[Data supplied Boundary: Start]
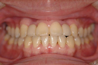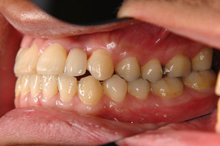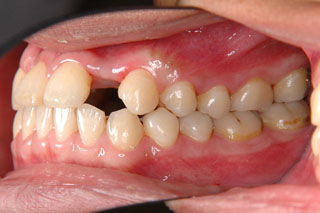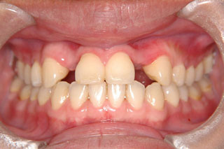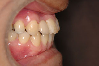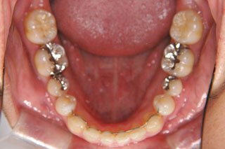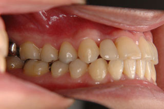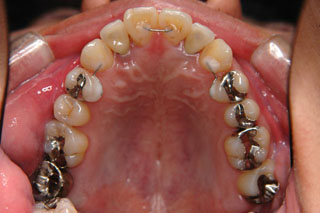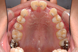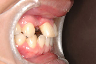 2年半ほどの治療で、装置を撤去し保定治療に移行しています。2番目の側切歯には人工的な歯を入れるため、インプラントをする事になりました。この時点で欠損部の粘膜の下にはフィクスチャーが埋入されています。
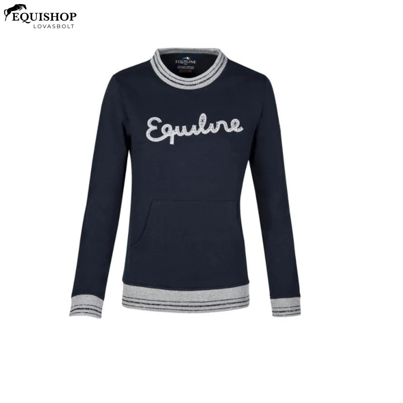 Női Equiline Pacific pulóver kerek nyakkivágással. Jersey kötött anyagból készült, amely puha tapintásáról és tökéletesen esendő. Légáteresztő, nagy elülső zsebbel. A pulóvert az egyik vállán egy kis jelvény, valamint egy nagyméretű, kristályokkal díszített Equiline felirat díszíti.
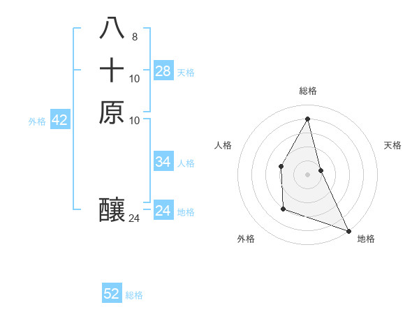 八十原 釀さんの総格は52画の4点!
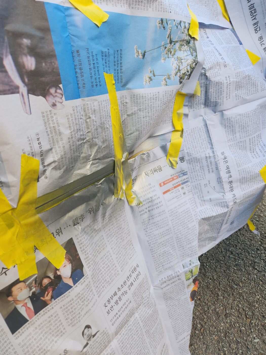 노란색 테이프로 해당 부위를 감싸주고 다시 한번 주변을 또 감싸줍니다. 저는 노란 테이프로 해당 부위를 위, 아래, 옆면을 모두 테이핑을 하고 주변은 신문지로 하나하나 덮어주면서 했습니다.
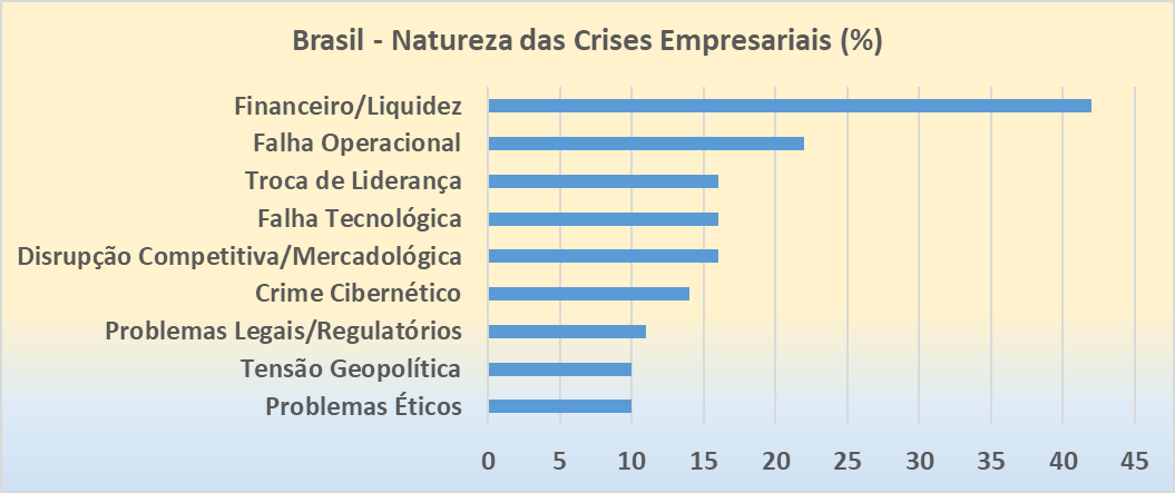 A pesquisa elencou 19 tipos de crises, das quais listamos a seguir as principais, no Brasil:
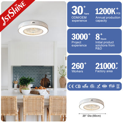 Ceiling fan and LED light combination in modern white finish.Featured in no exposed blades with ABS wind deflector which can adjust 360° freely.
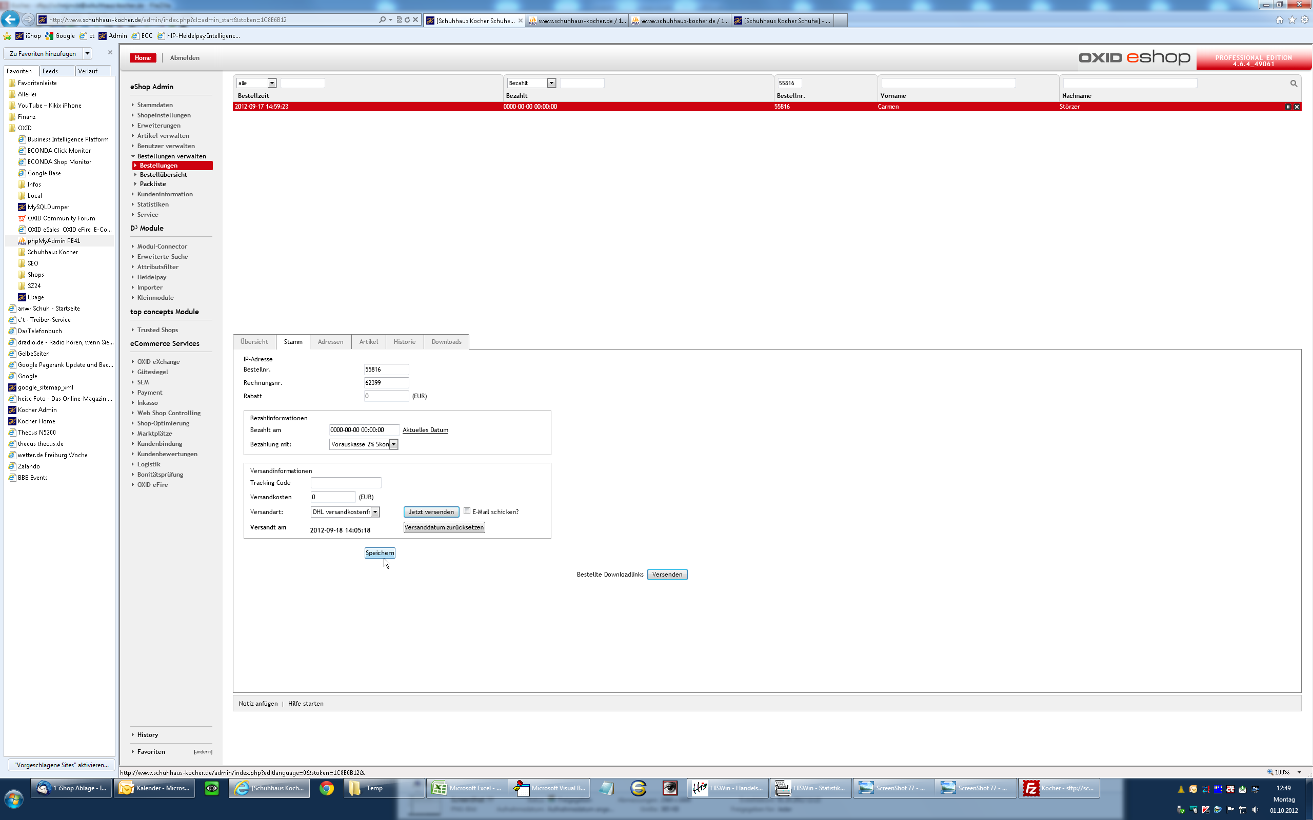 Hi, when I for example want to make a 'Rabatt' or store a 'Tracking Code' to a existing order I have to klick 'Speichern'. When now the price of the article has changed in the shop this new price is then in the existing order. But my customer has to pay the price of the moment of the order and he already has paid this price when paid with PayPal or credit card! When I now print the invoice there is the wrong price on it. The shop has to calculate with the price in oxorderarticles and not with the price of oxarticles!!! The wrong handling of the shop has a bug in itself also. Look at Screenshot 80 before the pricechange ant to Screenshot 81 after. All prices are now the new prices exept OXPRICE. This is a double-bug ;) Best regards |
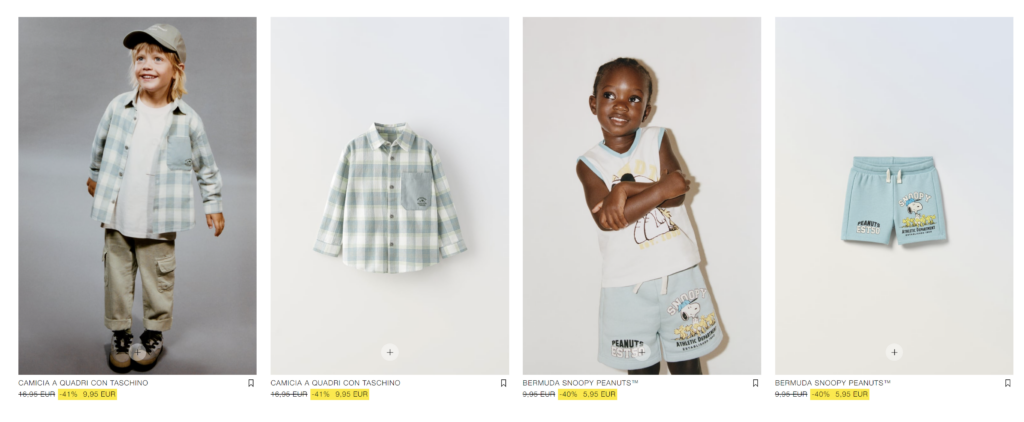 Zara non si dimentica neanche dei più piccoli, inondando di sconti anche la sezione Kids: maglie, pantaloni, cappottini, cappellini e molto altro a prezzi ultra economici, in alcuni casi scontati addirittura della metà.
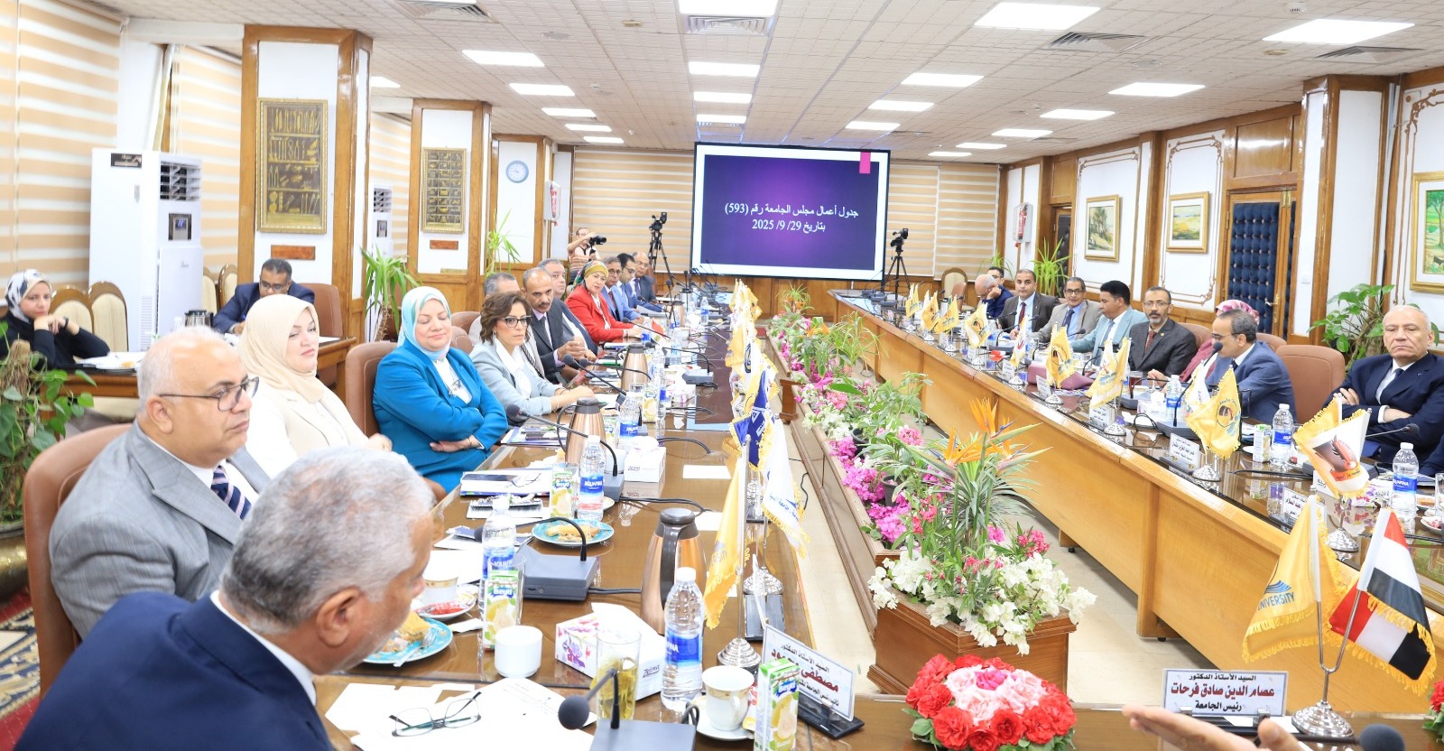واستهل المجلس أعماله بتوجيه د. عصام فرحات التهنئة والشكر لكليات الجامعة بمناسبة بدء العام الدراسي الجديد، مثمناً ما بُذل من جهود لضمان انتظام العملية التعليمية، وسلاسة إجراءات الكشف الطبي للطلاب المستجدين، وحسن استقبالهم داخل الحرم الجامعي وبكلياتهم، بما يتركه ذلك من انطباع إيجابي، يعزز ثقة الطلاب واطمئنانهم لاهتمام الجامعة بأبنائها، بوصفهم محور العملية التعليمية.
[Data supplied Boundary: End]
__Task brief__
What you return must match the records line for line, with the pictures left out.

__Answer below__
 2年半ほどの治療で、装置を撤去し保定治療に移行しています。2番目の側切歯には人工的な歯を入れるため、インプラントをする事になりました。この時点で欠損部の粘膜の下にはフィクスチャーが埋入されています。
 Női Equiline Pacific pulóver kerek nyakkivágással. Jersey kötött anyagból készült, amely puha tapintásáról és tökéletesen esendő. Légáteresztő, nagy elülső zsebbel. A pulóvert az egyik vállán egy kis jelvény, valamint egy nagyméretű, kristályokkal díszített Equiline felirat díszíti.
 八十原 釀さんの総格は52画の4点!
 노란색 테이프로 해당 부위를 감싸주고 다시 한번 주변을 또 감싸줍니다. 저는 노란 테이프로 해당 부위를 위, 아래, 옆면을 모두 테이핑을 하고 주변은 신문지로 하나하나 덮어주면서 했습니다.
 A pesquisa elencou 19 tipos de crises, das quais listamos a seguir as principais, no Brasil:
 Ceiling fan and LED light combination in modern white finish.Featured in no exposed blades with ABS wind deflector which can adjust 360° freely.
 Hi, when I for example want to make a 'Rabatt' or store a 'Tracking Code' to a existing order I have to klick 'Speichern'. When now the price of the article has changed in the shop this new price is then in the existing order. But my customer has to pay the price of the moment of the order and he already has paid this price when paid with PayPal or credit card! When I now print the invoice there is the wrong price on it. The shop has to calculate with the price in oxorderarticles and not with the price of oxarticles!!! The wrong handling of the shop has a bug in itself also. Look at Screenshot 80 before the pricechange ant to Screenshot 81 after. All prices are now the new prices exept OXPRICE. This is a double-bug ;) Best regards |
 Zara non si dimentica neanche dei più piccoli, inondando di sconti anche la sezione Kids: maglie, pantaloni, cappottini, cappellini e molto altro a prezzi ultra economici, in alcuni casi scontati addirittura della metà.
واستهل المجلس أعماله بتوجيه د. عصام فرحات التهنئة والشكر لكليات الجامعة بمناسبة بدء العام الدراسي الجديد، مثمناً ما بُذل من جهود لضمان انتظام العملية التعليمية، وسلاسة إجراءات الكشف الطبي للطلاب المستجدين، وحسن استقبالهم داخل الحرم الجامعي وبكلياتهم، بما يتركه ذلك من انطباع إيجابي، يعزز ثقة الطلاب واطمئنانهم لاهتمام الجامعة بأبنائها، بوصفهم محور العملية التعليمية.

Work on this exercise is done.